A list of exempt income is in subsection 8(8) of the SS Act. A lotter win or a one-off gift are exempt. However, a periodical payment by way of a gift or allowance is generally not exempt.

Income is defined as gross income without any reduction (s 1072) except where a person carries on a business when expenses involved in gaining that income may be deducted (ss 1074, 1075 SS Act).

Deeming rules apply to income from ‘financial investments’ (s 9 SS Act), regardless of the actual income earned, unless a deeming exemption is obtained. Some financial investments may be exempt by the relevant government minister (s 1084 SS Act). 

Generally, the values of all the person’s investments are added together and assessed in the following way (pt 3.10 SS Act):

  • the amount under the threshold is deemed to earn 0.25 per cent interest; and
  • the amount over the threshold is deemed to earn 2.25 per cent interest.

Rates and thresholds

The deeming rates and thresholds change periodically. Check with Centrelink for current rates.

The assessed income from application of the deeming rules is used in calculating the person’s pension rate; returns above the deeming rate are not counted as income. The deeming rules apply to pension, benefit and allowance payments.

This is a complex area and any specific queries should be taken to a community legal centre, Victoria Legal Aid or a solicitor (see Chapter 2.4: Legal services that can help). Centrelink also offers a free confidential Financial Information Service.

Assets test (s 11, pt 3.12 Social Security Act 1991 (Cth))

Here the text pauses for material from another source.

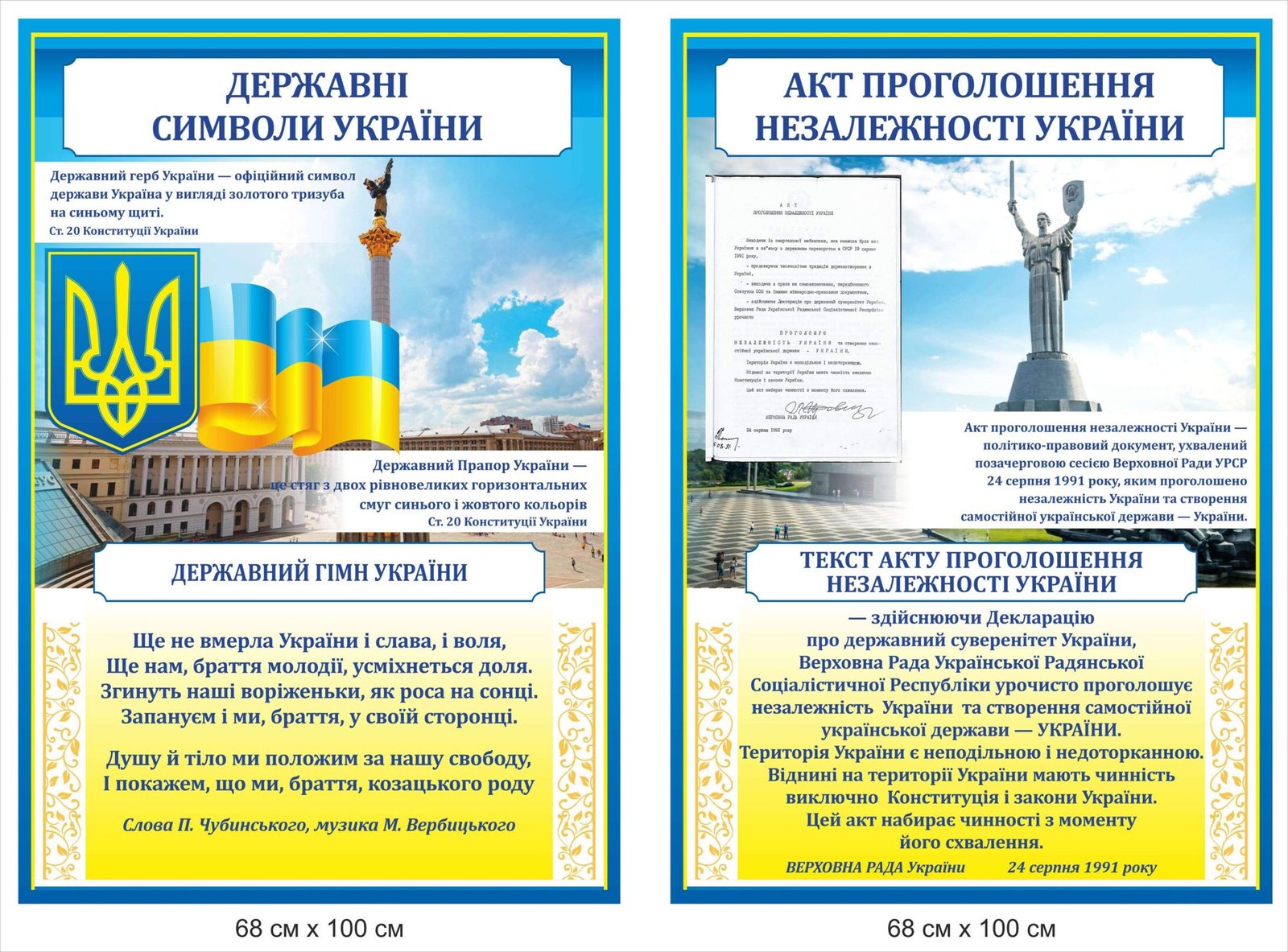 Стенди “Акт проголошення незалежності та державна символіка України”

A pension is reduced under the assets test if the total net value of the person’s property or assets (apart from their principal home) exceeds the relevant limit, which changes annually.

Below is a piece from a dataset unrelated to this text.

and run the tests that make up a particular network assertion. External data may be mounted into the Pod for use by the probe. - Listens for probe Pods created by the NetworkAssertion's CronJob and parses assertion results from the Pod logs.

For each $1000 of assets in excess of the limit, the fortnightly pension is reduced by $3 per fortnight (single and couple combined).

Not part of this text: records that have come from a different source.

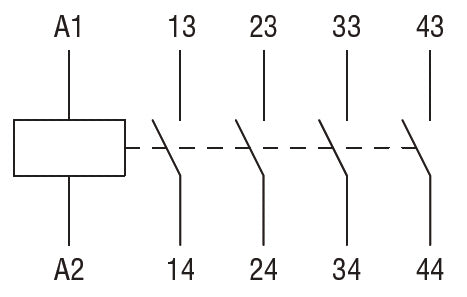 Four-pole contactor, IEC operating current Ith (AC1) = 32A, AC coil, 4NC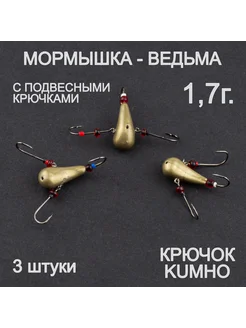 Мормышка - Ведьма с подвесными крючками 1,0г. 3шт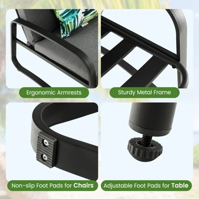 - Enjoy enhanced comfort with the ergonomic armrests. Non-slip foot pads for the chairs, and adjustable foot pads for the table

A permanently blind person receives the Age Pension or the Disability Support Pension, regardless of their assets. The value of a permanently blind person’s assets is only relevant if they claim Rent Assistance.

The value of a person’s assets is generally the current market value – the amount the asset could be sold for less any debts owed on the asset – and is not the replacement value or the original cost.

There are many things excluded from the assets test including the principal home (provided the person is living in it) and surrounding land of up to two hectares, provided the land is used primarily for private or domestic purposes.

A person who has reached Age Pension age whose principal home includes adjacent land over two hectares that is on the same title may be eligible to have their principal home exempt if they satisfy the ‘extended land use test’. To satisfy this test, the person must have a 20-year continuous attachment to the land and the principal home. They must also have to be making ‘effective use of the land’, which means that if the land (or part of it) is productive, it is being used to generate income (s 11A(6) SS Act). A list of the assets exempt from the assets test is in section 1118.

The value of an asset may be excluded under the ‘hardship provisions’ if the pensioner cannot sell the asset or use it as security for borrowing (or if it would be unreasonable to expect the pensioner to do so). For the hardship provisions to apply, a person must make a specific claim to Centrelink. Consideration is not automatic.

Even if the hardship provisions apply, the level of pension might still be reduced by the income that could be earned from the asset (ss 1129, 1130 SS Act). This means that the value of the asset may still affect the rate of pension payable.